3) DICK PICKS A FIGHT

As most crossbench and Labour Lords put down their ping pong bats last night, the Lib Dems were having none of it. And in a mini-speech, peer Lord Taverne was outraged at the Parliamentary surrender, attacking the Government’s argument that the referendum result should be respected.

“It is a very dangerous step towards the doctrine that the people’s will must always prevail. This is the doctrine always favoured by Hitler, Mussolini and Stalin—and by Erdogan at present. It is a denial of the essence of democracy…We are the guardians of parliamentary democracy, and we are right in this. We are the democrats.”

New reader start here: Dick Taverne was a Labour MP in the 1970s but quit the party because it disagreed with his strong view that the UK should join the EEC. He won Lincoln as an ‘Independent Democratic Labour’ candidate in a by-election and the February 1974 general election. You can see why he’s so steamed up, but an unelected peer comparing Theresa May to ‘Hitler’, ‘Mussolini’, really?

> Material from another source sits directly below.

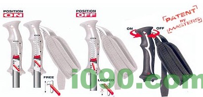 最令人称道的就是其独有的Kompressor®减震及锁定系统。其特点就是减震的弹簧不是像其他杖放在铝管里,而是在手柄里面,并且在握把上有锁定系统,可以方便快捷的开启减震功能。

And Labour peers were no less impressed by the hyperbole of Lib Dem Baroness Ludford after she accused them of a ‘shabby’ attack on their principled stance on Brexit bill amendments. Labour’s shadow Brexit minister Baroness Hayter added to the spice by revealing some Lib Dem peers had “confessed to me outside the chamber that this is appealing to their core vote and they are piling on members because of it”.

Labour thinks the Libs lost a lot of respect for what crossbencher Lord Pannick called their ‘pointless gesture’ politics. But watch those Focus leaflets cry Labour Remainer betrayal.

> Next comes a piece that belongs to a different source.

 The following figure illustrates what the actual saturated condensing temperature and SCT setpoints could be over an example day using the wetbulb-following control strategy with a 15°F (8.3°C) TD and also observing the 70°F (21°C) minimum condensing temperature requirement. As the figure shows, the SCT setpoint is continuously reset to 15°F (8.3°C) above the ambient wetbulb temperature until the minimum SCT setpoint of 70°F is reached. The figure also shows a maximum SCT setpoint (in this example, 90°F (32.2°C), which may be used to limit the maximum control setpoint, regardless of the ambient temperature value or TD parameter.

BECAUSE YOU’VE READ THIS FAR…

Watch Trump press guy Sean Spicer deny that the President had accused Obama of wiretapping him. A joyful use of air quotes.

4) DEFICIT DENIAL

Away from the Brexit and Scotxit hoopla yesterday, Office for Budget Responsibility chief Robert Chote told the Treasury Select Committee something rather worrying. The Government will struggle to hit its target of clearing the deficit by 2025.

Philip Hammond has abandoned the Osborne pledge to balance the UK’s books by 2020, preferring instead to hit the target ”at the earliest possible date" in the next parliament which is set to run from 2020 to 2025. In his inimitably former-IFS wonky way, Chote said the Treasury’s current plans did not “make you confident that they are on course to achieve that”.

Chote warned that even further cuts to working age benefits of around 10% would not be enough to get to surplus because of pressure on costs from an ageing population on health and social care. Something’s gotta give.

Another post-Budget headache looms too in the shape of Hammond’s pubs pledge. Labour’s Jim McMahon has picked up on claims from the industry that plans to offer business rate relief will actually be scuppered by EU state aid rules. Was that another bit of Treasury sleight of hand?

5) HOGG ROAST

Unlike the US Congress, the UK Parliament does not have the power to block public appointments. But it does, in its very British way, have the power to embarrass prospective applicants into withdrawing their candidacy or stepping aide once appointed. In the coming hours, we will find out whether the Treasury Select Committee has managed just that in the case of Charlotte Hogg, the Bank of England’s newly appointed deputy governor.

Hogg is acknowledged as a sufficiently competent economist for the role, but what’s causing trouble is her admission that she failed to declare a possible conflict of interest: her brother Quintin is director of group strategy at Barclays Bank. And MPs are already wary of her extensive family connections, as her dad is former MP Viscount Hailsham and her mum is Sarah Hogg, who headed John Major’s policy unit.

The FT says that a unanimous report by the Treasury Select Committee will only just fall short of recommending Hogg should not get the role. “Not in those words — but it reads the same way,” said one member. Mark Carney has given her a verbal warning for her error, but it looks like MPs hope to shame her into withdrawing. Let’s see if she toughs it out.